Source data:
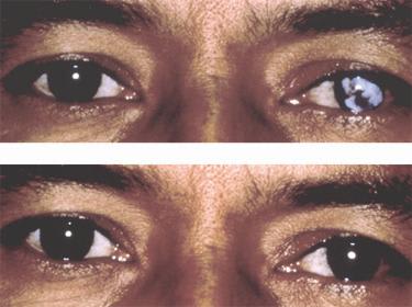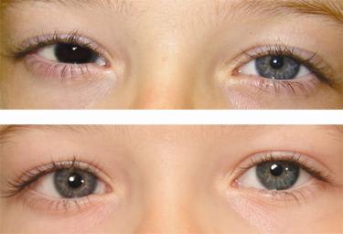 Figure 6. 6a (top) shows a patient prior to application of a tinted prosthetic contact lens. 6b (bottom) shows the improved cosmetic appearance after lens application.
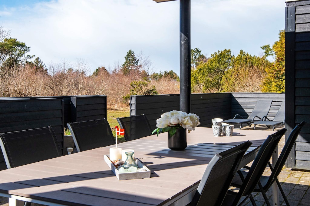La casa cuenta con varias terrazas con cómodos muebles de jardín, cuatro tumbonas y una barbacoa de gas donde podrá disfrutar de una cena mientras contempla la puesta de sol. El jardín ofrece amplias oportunidades para disfrutar de sus vacaciones en paz y tranquilidad, además de espacio para jugar. También hay una hoguera donde toda la familia puede divertirse horneando pan en un palo o asando nubes.
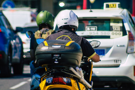Seville Spain September 22, 2021 People rolling with a motorcycle in the streets of Seville, an emblematic city and the capital of the region of Andalusia, in the south of Spain
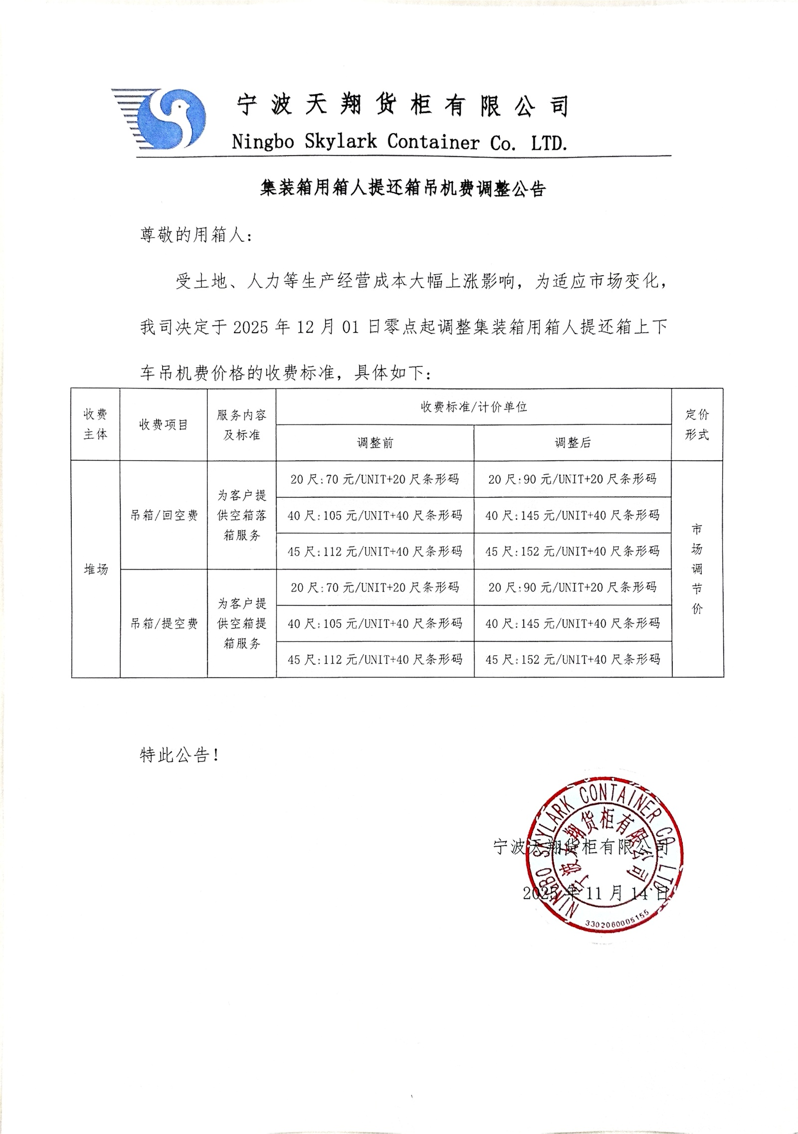 關于調(diào)整用箱人提還箱吊機費收費標準的公告
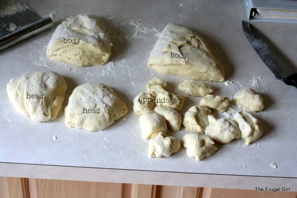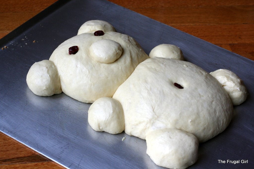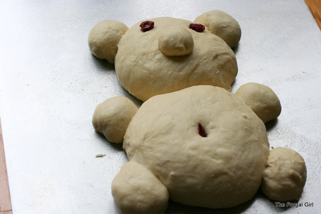Punch dough down and divide into fourths. Shape 2 fourths into balls and place on two greased baking sheets to serve as the body of the bear. Divide 1 fourth in half, shape each piece into a ball, and place above the body piece to serve as the head. Divide remaining fourth into 14 pieces, and shape each piece into a ball. Use 4 balls for the paws, 2 balls for the ears, and 1 ball for the nose of each bear.
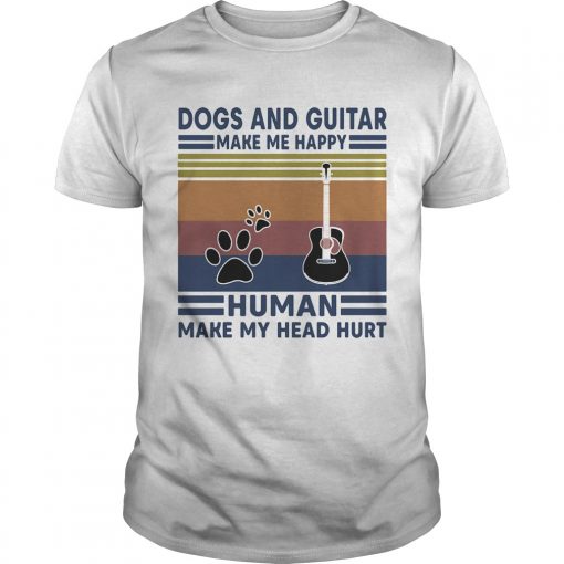 Dogs and guitar make me happy human make my head hurt vintage retro shirt, hoodie, sweater, longsleeve and ladies t-shirt
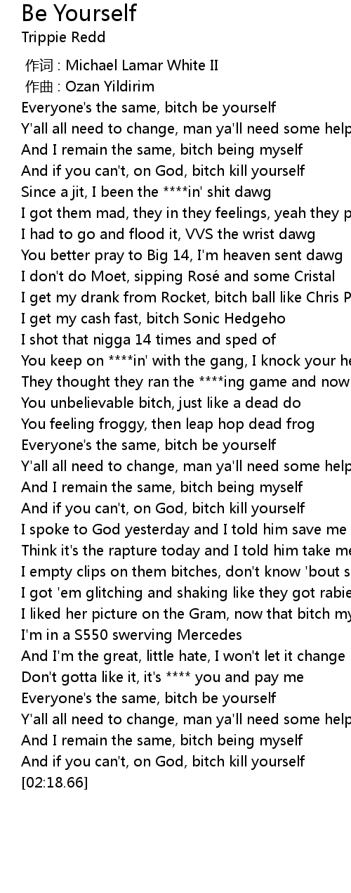 | [01:58.19] | Everyone's the same, bitch be yourself |
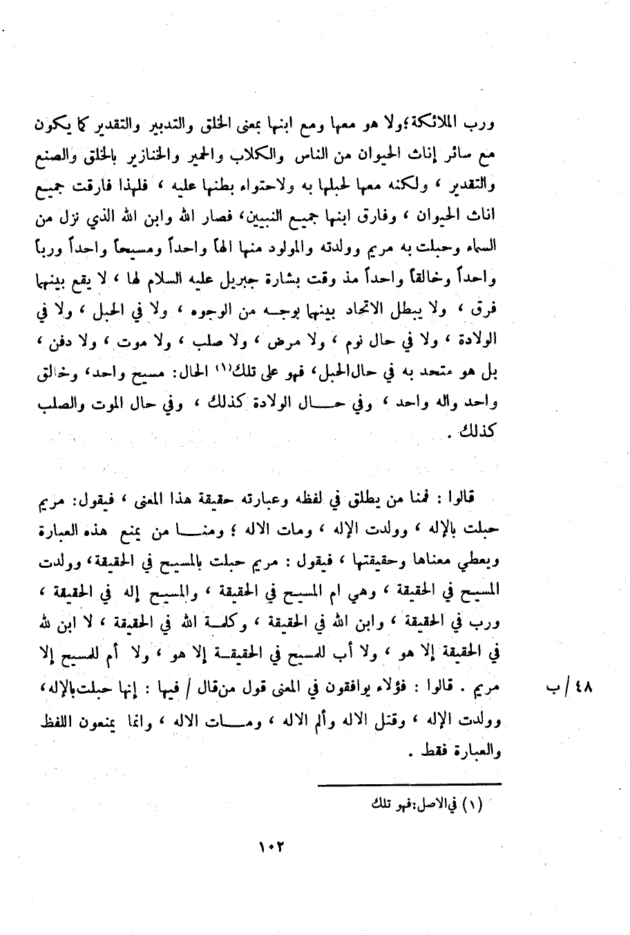 ورب الملائكة؛ ولا هو معها ومع ابنها بمعنى الخلق والتدبير والتقدير كما يكون مع سائر إناث الحيوان من الناس والكلاب والحمير والخنازير بالخلق والصنع والتقدير، ولكنه معها لحبلها به ولاحتواء بطنها عليه، فلهذا فارقت جميع اناث الحيوان، وفارق ابنها جميع النبيين، فصار الله وابن الله الذي نزل من السماء وحبلت به مريم وولدته والمولود منها الها واحدا ومسيحا واحدا وربا واحدا وخالقا واحدا مذ وقت بشارة جبريل عليه السلام لها، لا يقع بينهما فرق، ولا يبطل الاتحاد بينهما بوجه من الوجوه، ولا في الحبل، ولا في الولادة، ولا في حال نوم، ولا مرض، ولا صلب، ولا موت، ولا دفن، بل هو متحد به في حال الحبل، فهو على تلك «1» الحال: مسيح واحد، وخالق واحد واله واحد، وفي حال الولادة كذلك، وفي حال الموت والصلب كذلك.

Your instructions: The listing is to be repeated word for word, with all pictures omitted.

Solution to this exercise:
 Figure 6. 6a (top) shows a patient prior to application of a tinted prosthetic contact lens. 6b (bottom) shows the improved cosmetic appearance after lens application.
La casa cuenta con varias terrazas con cómodos muebles de jardín, cuatro tumbonas y una barbacoa de gas donde podrá disfrutar de una cena mientras contempla la puesta de sol. El jardín ofrece amplias oportunidades para disfrutar de sus vacaciones en paz y tranquilidad, además de espacio para jugar. También hay una hoguera donde toda la familia puede divertirse horneando pan en un palo o asando nubes.
Seville Spain September 22, 2021 People rolling with a motorcycle in the streets of Seville, an emblematic city and the capital of the region of Andalusia, in the south of Spain
 關于調(diào)整用箱人提還箱吊機費收費標準的公告
Punch dough down and divide into fourths. Shape 2 fourths into balls and place on two greased baking sheets to serve as the body of the bear. Divide 1 fourth in half, shape each piece into a ball, and place above the body piece to serve as the head. Divide remaining fourth into 14 pieces, and shape each piece into a ball. Use 4 balls for the paws, 2 balls for the ears, and 1 ball for the nose of each bear.
 Dogs and guitar make me happy human make my head hurt vintage retro shirt, hoodie, sweater, longsleeve and ladies t-shirt
 | [01:58.19] | Everyone's the same, bitch be yourself |
 ورب الملائكة؛ ولا هو معها ومع ابنها بمعنى الخلق والتدبير والتقدير كما يكون مع سائر إناث الحيوان من الناس والكلاب والحمير والخنازير بالخلق والصنع والتقدير، ولكنه معها لحبلها به ولاحتواء بطنها عليه، فلهذا فارقت جميع اناث الحيوان، وفارق ابنها جميع النبيين، فصار الله وابن الله الذي نزل من السماء وحبلت به مريم وولدته والمولود منها الها واحدا ومسيحا واحدا وربا واحدا وخالقا واحدا مذ وقت بشارة جبريل عليه السلام لها، لا يقع بينهما فرق، ولا يبطل الاتحاد بينهما بوجه من الوجوه، ولا في الحبل، ولا في الولادة، ولا في حال نوم، ولا مرض، ولا صلب، ولا موت، ولا دفن، بل هو متحد به في حال الحبل، فهو على تلك «1» الحال: مسيح واحد، وخالق واحد واله واحد، وفي حال الولادة كذلك، وفي حال الموت والصلب كذلك.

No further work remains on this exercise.